Author John Jakes, a "writer of historical fiction whose generational family sagas of the American Revolution and the Civil War mingled real and imaginary characters and became runaway bestsellers and popular television fare," died March 11 at age 90, the New York Times reported. Jakes wrote about 60 novels, including westerns, mysteries, science fiction, fantasy and children's books. He was best known for two book series: the Kent Family Chronicles, eight volumes written in the 1970s to capitalize on the 1976 Bicentennial celebrations (55 million copies were sold), and the North and South Civil War trilogy, which was released in the 1980s (10 million copies).

Jakes began his career freelance writing in his spare time while working in advertising from 1954 to 1971. He published hundreds of short stories and wrote novels, primarily westerns and fantasies, some under the pen names Jay Scotland and Alan Payne. His breakthrough came in 1974 with the publication of The Bastard, the first volume of what would be the Kent Family Chronicles. Other books in the series include The Rebels, The Seekers (both 1975), which were adapted for television as mini-series in 1978 and 1979; as well as The Furies, The Titans (both 1976), The Warriors (1977), The Lawless (1978) and The Americans (1979).

"I feel a real responsibility to my readers," Jakes told the Washington Post in 1982. "I began to realize about two or three books into the Kent series that I was the only source of history that some of these people had ever had. Maybe they'll never read a Barbara Tuchman book--but down at the Kmart they'll pick up one of mine."

His success prompted Harcourt Brace Jovanovich to commission a Civil War-era hardcover trilogy that included North and South (1982), Love and War (1984) and Heaven and Hell (1987). Another mini-series was adapted from those books.
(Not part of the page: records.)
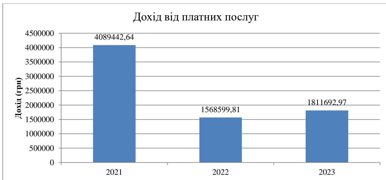
Мал. 3.2. Прибутки ОНХМ від платних послуг у 2021-2023 рр. [22-24]

Віртуальні тури. Оцифровані експозиції музею стали доступними для відвідувачів з усього світу. Віртуальні тури дозволили підтримувати інтерес до колекції та забезпечили безперервність культурного споживання.
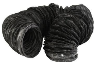
ENS43.2010 Luftschlauch für 3200EX
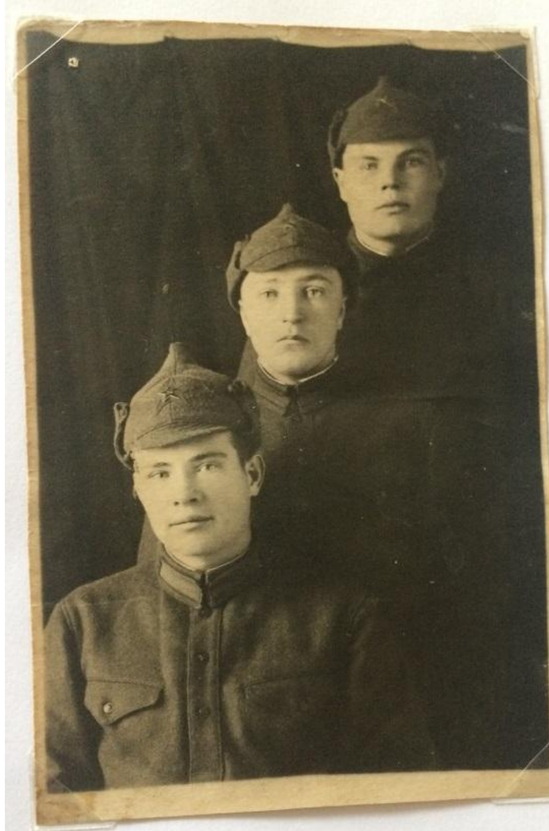
Выпуск полковой школы . Г. Красноярск, Военный городок. 1935 г.
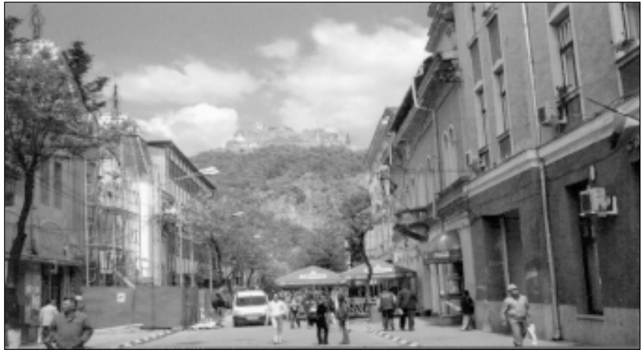
Devas centrālā iela.

Tikšanās notika Rumānijas vienā no lielākajiem apgabaliem Hunedoarā, pilsētā Devā, netālu no Ungārijas robežas (no 17. līdz 24. oktobrim). Tur mēs izstrādājām konkrētu projekta tēmu "Eiropas plāva", vadoties no kopējās tēmas
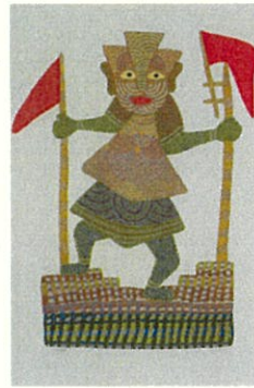
7. ジャンガル・シン・シュヤム 《チャーンディー女神》1999年
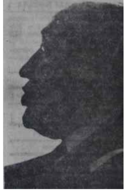
Bülent Ecevit - Süleyman Demirel "Böyle gelmiş, böyle gitmez"
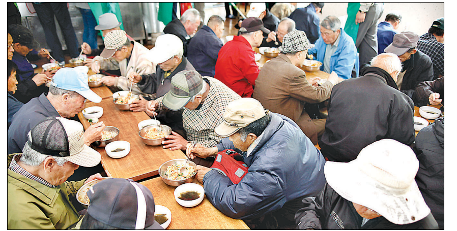
새로 개원한 무료급식소는 50여명을 수용하는 공간으로 바뀌었다. 이에 따라 찾는 어르신도 늘어나 자원봉사자의 참여가 필요하다.
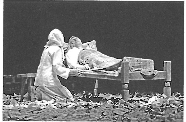
Сцэна са спектакля рэжысёра М. Пінігіна
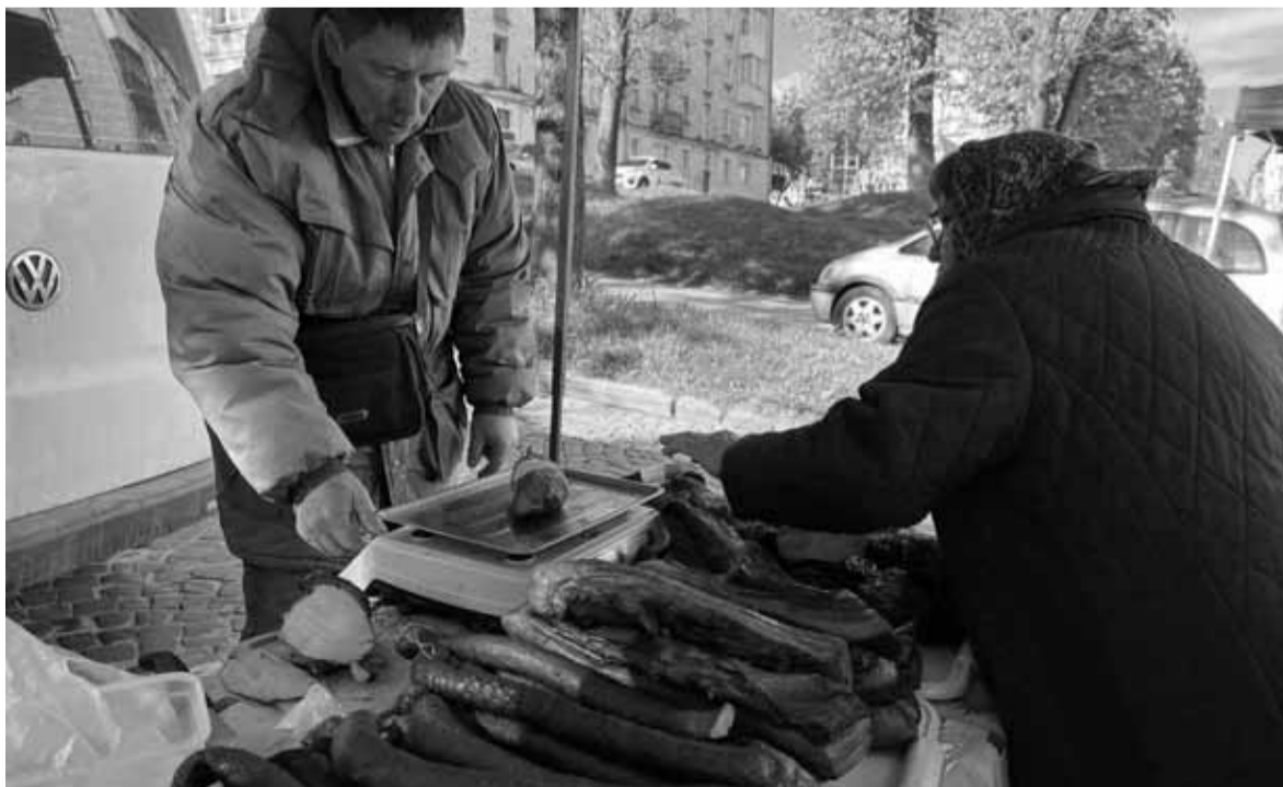
Чимало ковбасних та готових м'ясних виробів пропонують споживачам
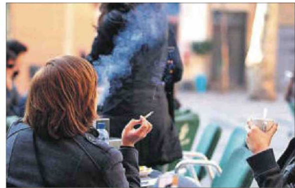
Algunas marcas han incorporado ya los nuevos pitillos. / TEJEDERAS

A su vez, el comisario aprovechó para recordar que el consumo de tabaco es el mayor riesgo evitable para la salud, ya que
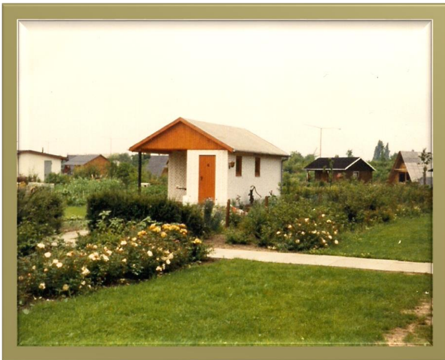
Parzellen am Feuerdornweg in Richtung Ententeich

By the 1990s, Jakes "had joined the charmed circle of America's big-name authors--among them Mary Higgins Clark, Tom Wolfe, James Clavell, Thomas Harris and Ira Levin--whose publishers paid millions in advances for multi-book deals, although they had only vague ideas what the books might say," the Times noted. Random House paid Jakes a $4 million advance for the bestseller California Gold. A $10 million advance a year later produced the two-volume Crown Family Saga as well as In the Big Country (1993), a collection of his stories set in the American West.
 
"I love melodrama," he once told the Times in an interview. "I never outgrew my fondness for melodrama."